**Source information**
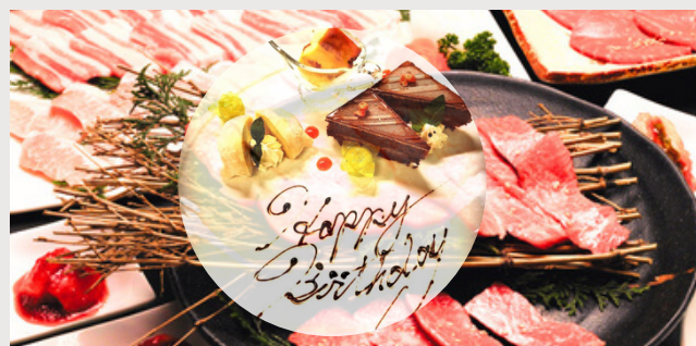
誕生日宴会コース ¥5,000
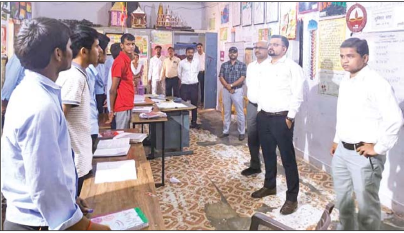
ललितपुर। किशोर गृह का निरीक्षण करती जिला निरीक्षण समिति।

संवासियों के हित में सभी व्यवस्थाएँ दुरुस्त रखने के निर्देश दिये
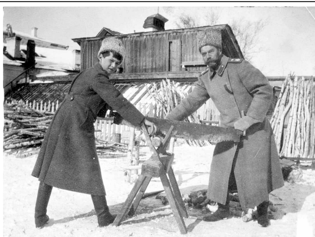
Николай II с цесаревичем Алексеем в ссылке в Тобольске, 1917 г.

Уничтожение царской Династии. До августа 1917 г. семья Николая II находилась под арестом в Царском Селе, а затем была перевезена в Тобольск на Урале, откуда в конце апреля 1918 г. отправлена в Екатеринбург. К этому времени власть в стране уже захватили большевики.

**What the task requires**
Give an exact copy of the listing, without its pictures.

**Reply**
誕生日宴会コース ¥5,000
ललितपुर। किशोर गृह का निरीक्षण करती जिला निरीक्षण समिति।

संवासियों के हित में सभी व्यवस्थाएँ दुरुस्त रखने के निर्देश दिये
Николай II с цесаревичем Алексеем в ссылке в Тобольске, 1917 г.

Уничтожение царской Династии. До августа 1917 г. семья Николая II находилась под арестом в Царском Селе, а затем была перевезена в Тобольск на Урале, откуда в конце апреля 1918 г. отправлена в Екатеринбург. К этому времени власть в стране уже захватили большевики.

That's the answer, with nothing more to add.